Andy Beshear Was Right. We Need to Talk Like People We're Trying to Convince.
As a fine purveyor of “advocacy lingo,” I’m here to tell you something you’re probably not going to like.
Andy Beshear was right.
A bit over a week ago, Beshear joined a number of other prominent democrats at the Michigan Democratic Party convention, delivering a keynote address focused on his style of leadership in Kentucky, how he won election (and re-election) as an unapologetically pro-LGBTQ+ Democrat, and his take on how Democrats can win the Congress in 2026 and, God willing, the White House after that. It’s a very common kind of appearance for a young (for a Dem) elected official who is testing the waters on a run for higher office.
According to the Michigan Advance, he described it as a change in style but not substance. “If we want to be the party of the people, we have got to talk like the people.”

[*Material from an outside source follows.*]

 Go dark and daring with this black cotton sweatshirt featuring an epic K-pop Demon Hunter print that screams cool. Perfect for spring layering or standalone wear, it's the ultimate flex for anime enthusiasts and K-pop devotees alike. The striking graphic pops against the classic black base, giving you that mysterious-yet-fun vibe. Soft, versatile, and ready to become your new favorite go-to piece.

This set off a lot of discussion on social media, especially Bluesky, where a lot of folks whose opinions I value seemed taken aback by this. I will admit some of the examples he used are a bit goofy - “justice-involved population” is definitely a term I haven’t heard outside of white papers, and “people experiencing homelessness” is definitely not something I hear outside of conferences and coalition meetings. But there are a lot more examples to think about, and some of them are much less obvious than the supposed shibboleths Beshear noted.
It’s natural for different groups of people to develop their own language. “Marginalized people” has a real and specific meaning to people in the know - it talks about folks who, through no fault of their own, are born into groups or classes of people who don’t have equality of opportunity, despite what we might think or hope. The working poor, immigrants (of all kinds), Black Americans, Latinos, trans people, and so on. People for whom the American Dream is still very real, but who have to work twice as hard to get there. But when I used to talk about “marginalized groups” with folks outside of the progressive ecosystem, it takes them a beat to figure it out - and in that beat they can form all kinds of ideas based on things they’ve heard.

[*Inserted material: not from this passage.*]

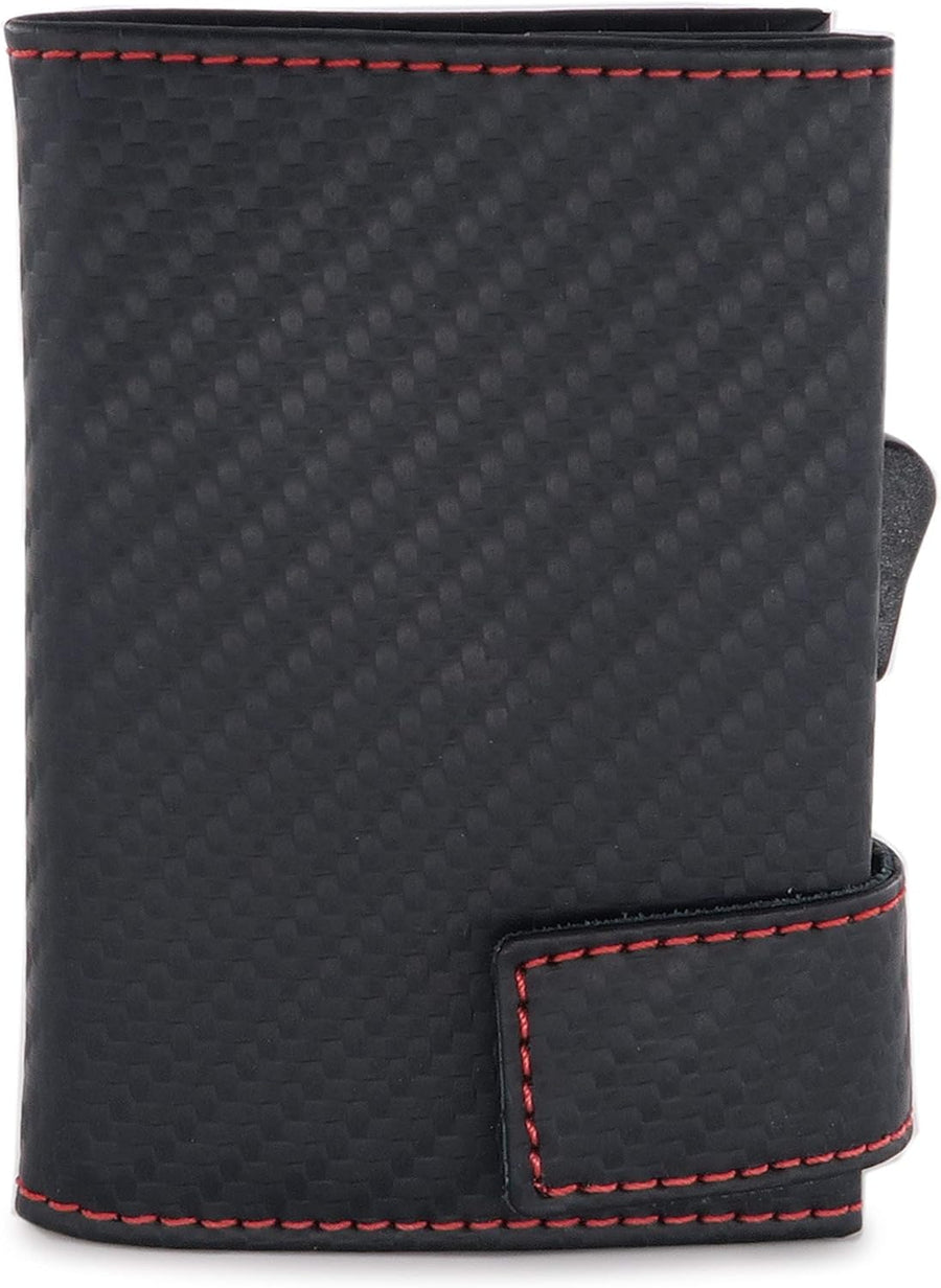 SecWal Kartenetui mit Münzfach Reissverschluss (Schwarz-Rot Carbon), Schwarz-rot Carbon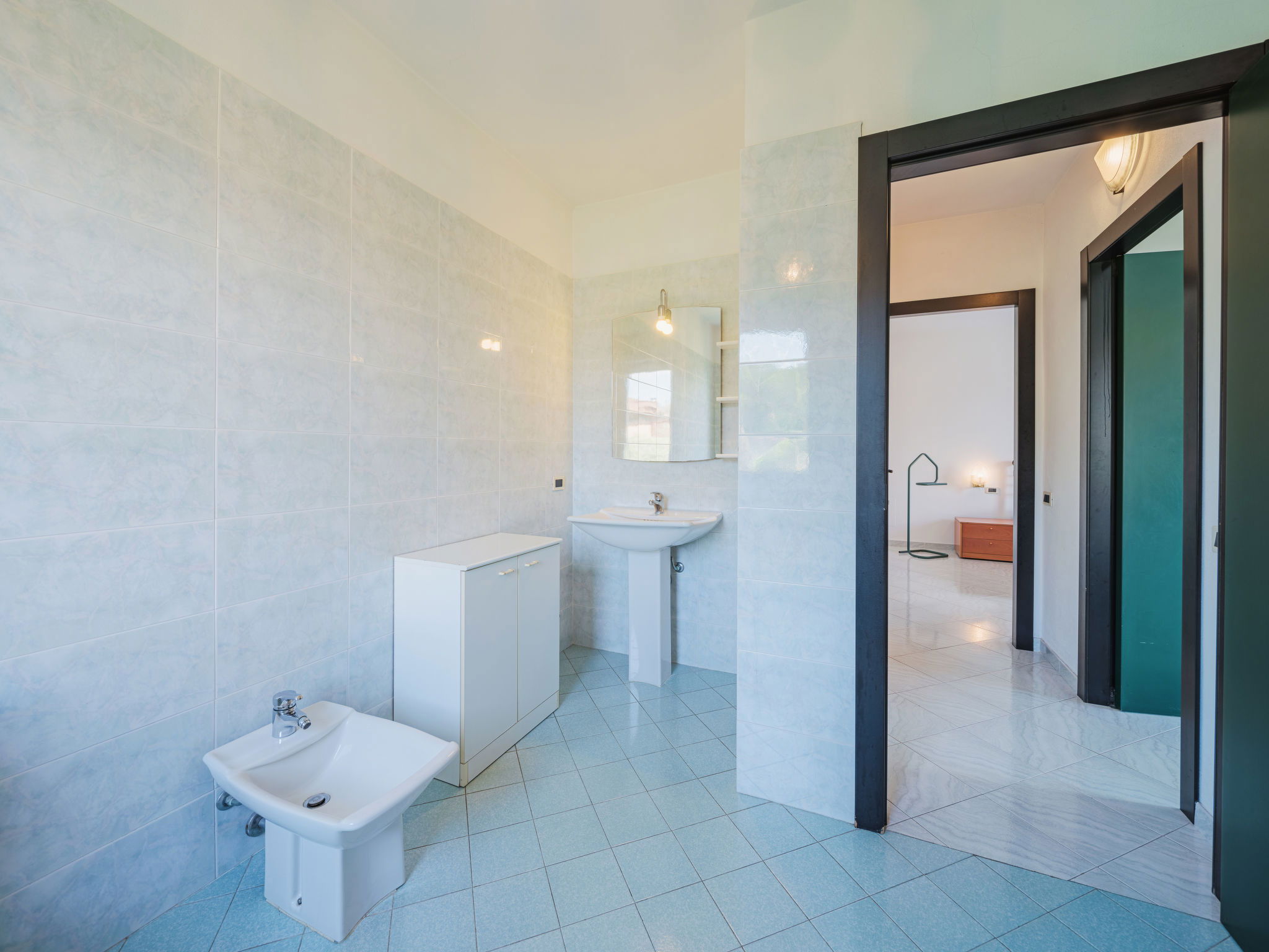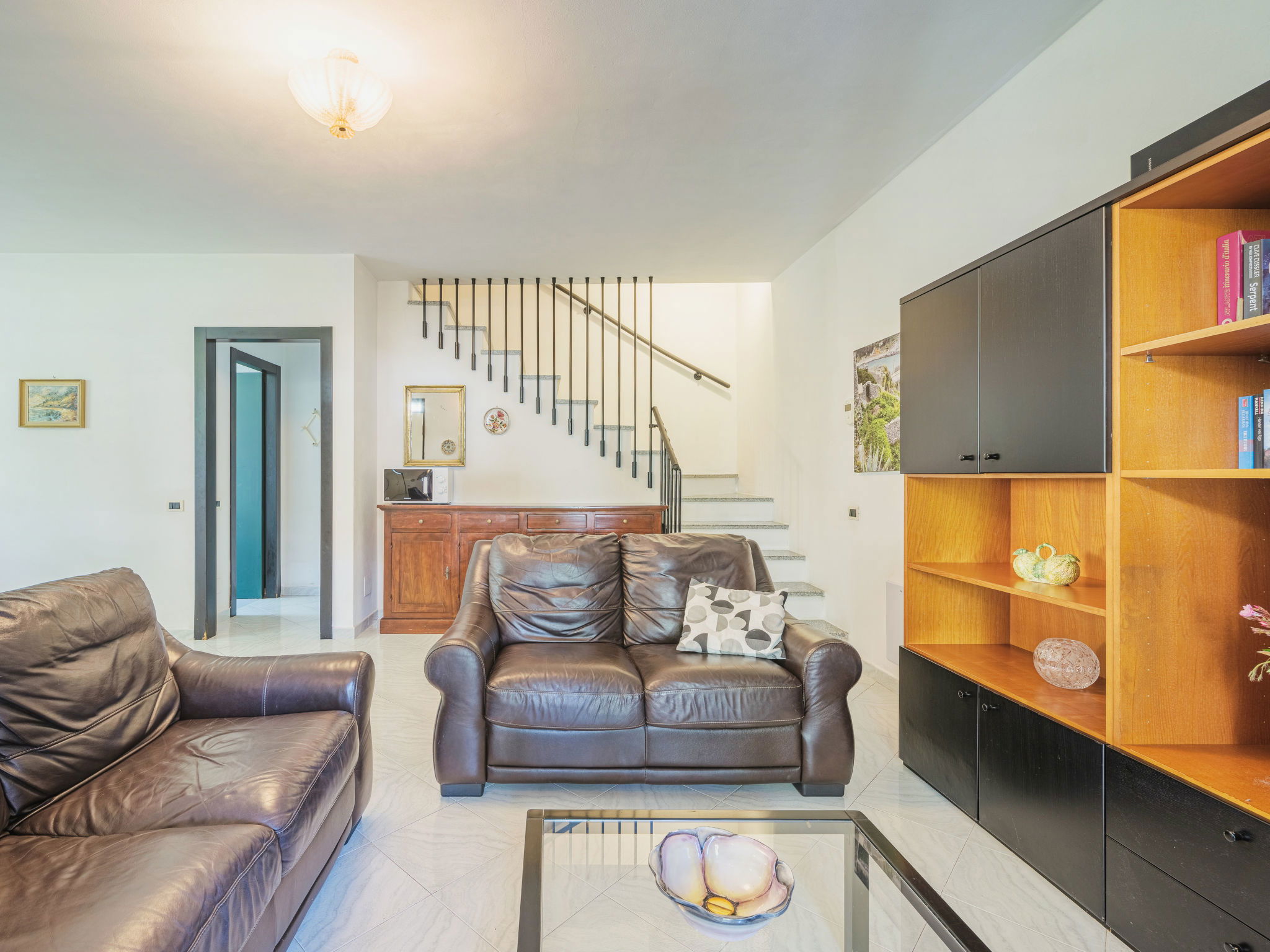 3-room terraced house 110 m2 on 2 levels. Practical furnishings: large living/dining room with satellite TV. Exit to the patio. Open kitchen (4 hot plates, oven, dishwasher, toaster, freezer). Sep. WC. Upper floor: 1 double bedroom. Exit to the terrace. 1 room with 2 beds and 1 pull-out bed. Exit to the terrace. Bath/bidet/WC. Heating. Heating available only from 01.11. to 15.04. Terrace, patio, garden 150 m2. Terrace furniture. Facilities: washing machine, hair dryer. Internet (WiFi, free). Parking (fenced 1 car). Please note: non-smoking house. Maximum 1 pet/ dog allowed. Private entrance, smoke alarm, fire extinguisher. IT011001C23F9F985R

I’ve had the privilege of working in the progressive movement for about a decade now, having gotten my start shortly before Donald Trump rode down his golden escalator and made all our lives hell. In that time, I’ve gone from being a learner to a leader, and one of the things I constantly remind folks about is that the audience - who they are, what they are thinking, what they want - has to be at the forefront of your mind at all times. If you’re trying to win the heart of a Midwestern mom by sharing the story of a young trans person fighting to survive, you had better mirror the language of those moms, because it’s a bumpy road persuading people and you shouldn’t add more bumps if you can avoid it. We should - as advocates - be making every effort to meet folks where they are. That means using the language they use. The rest comes later.

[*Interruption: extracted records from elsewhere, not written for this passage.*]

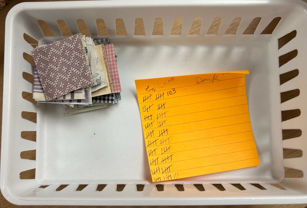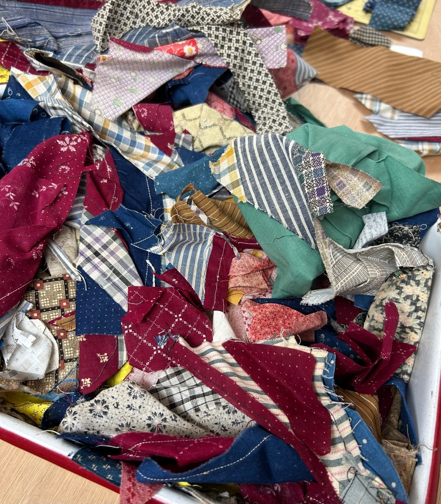 I decided to see if I could come up with what I needed to make the blocks in this bin of vintage scraps.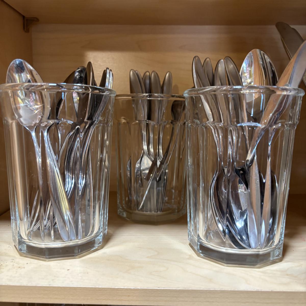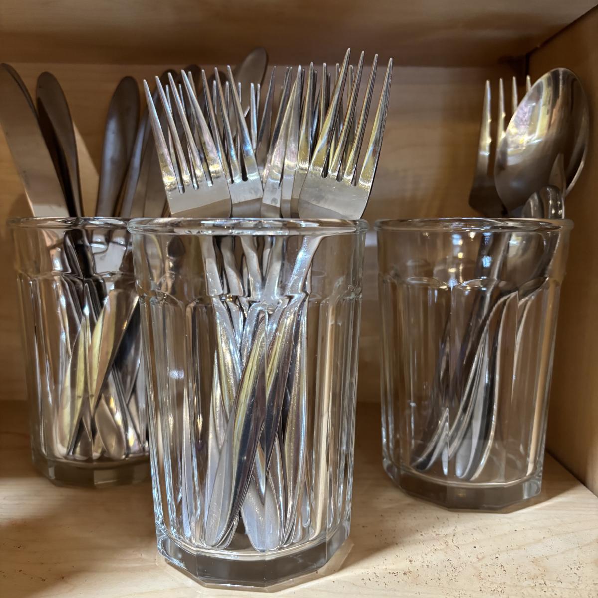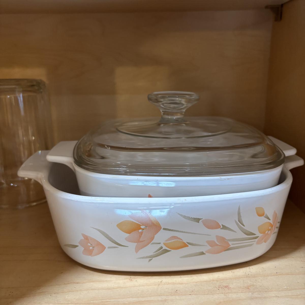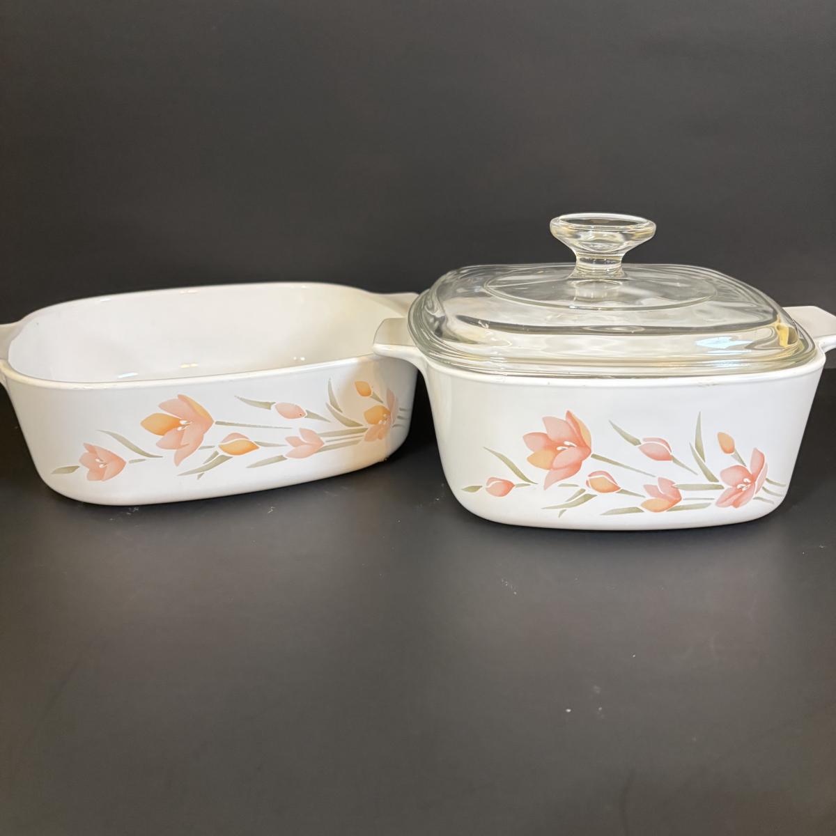 LOT 85: Vintage Corelle Blue Cornflower Soup/Cereal Bowls, Corning Ware Peach Floral Casserole Dishes, Oneida Flatware & More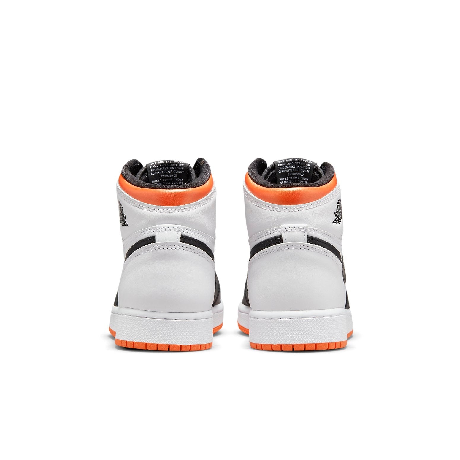 The Air Jordan 1 High OG Electro Orange GS is a grade-school shoe that is reminiscent of the 2015 Shattered Blackboard. Constructed with a white leather base, this shoe s upper features black overlays on its forefoot, eyelet, and around the toe box. It also features a black nylon tongue and an electro orange padded collar. Underfoot, it boasts air on its midsole to provide cushioning, and a hardened orange rubber sole that provides grip.The Air Jordan 1 High OG Electro Orange GS was released on July 17, 2021. Its original retail price was $130.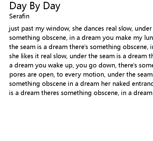 just past my window, she dances real slow, under the seam is a dream there's something obscene, in a dream you make my lungs sweat, my liquid skin set, under the seam is a dream there's something obscene, in a dream just like my rainbow, she likes it real slow, under the seam is a dream there's something obscene, in a dream you wake up, you go down, there's something in between, day by day my pores are open, to every motion, under the seam is a dream is a dream theres something obscene in a dream her naked entrance to naked violence under the seam is a dream theres something obscene, in a dream i've always wanted to be in you |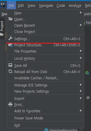 왼쪽 상단의 File -> Settings를 클릭하여 줍시다.

That’s what Beshear is saying, and he’s a hundred percent right. It’s how he’s won election and re-election in a state that broke for Donald Trump by a huge margin in 2016, 2020, and 2024. And how he did it all while vetoing nearly every anti-trans bill sent to his desk. He talks like the people he’s speaking to the most - the Kentuckians whose votes he has earned - and it’s why people trust him. We should learn the lesson.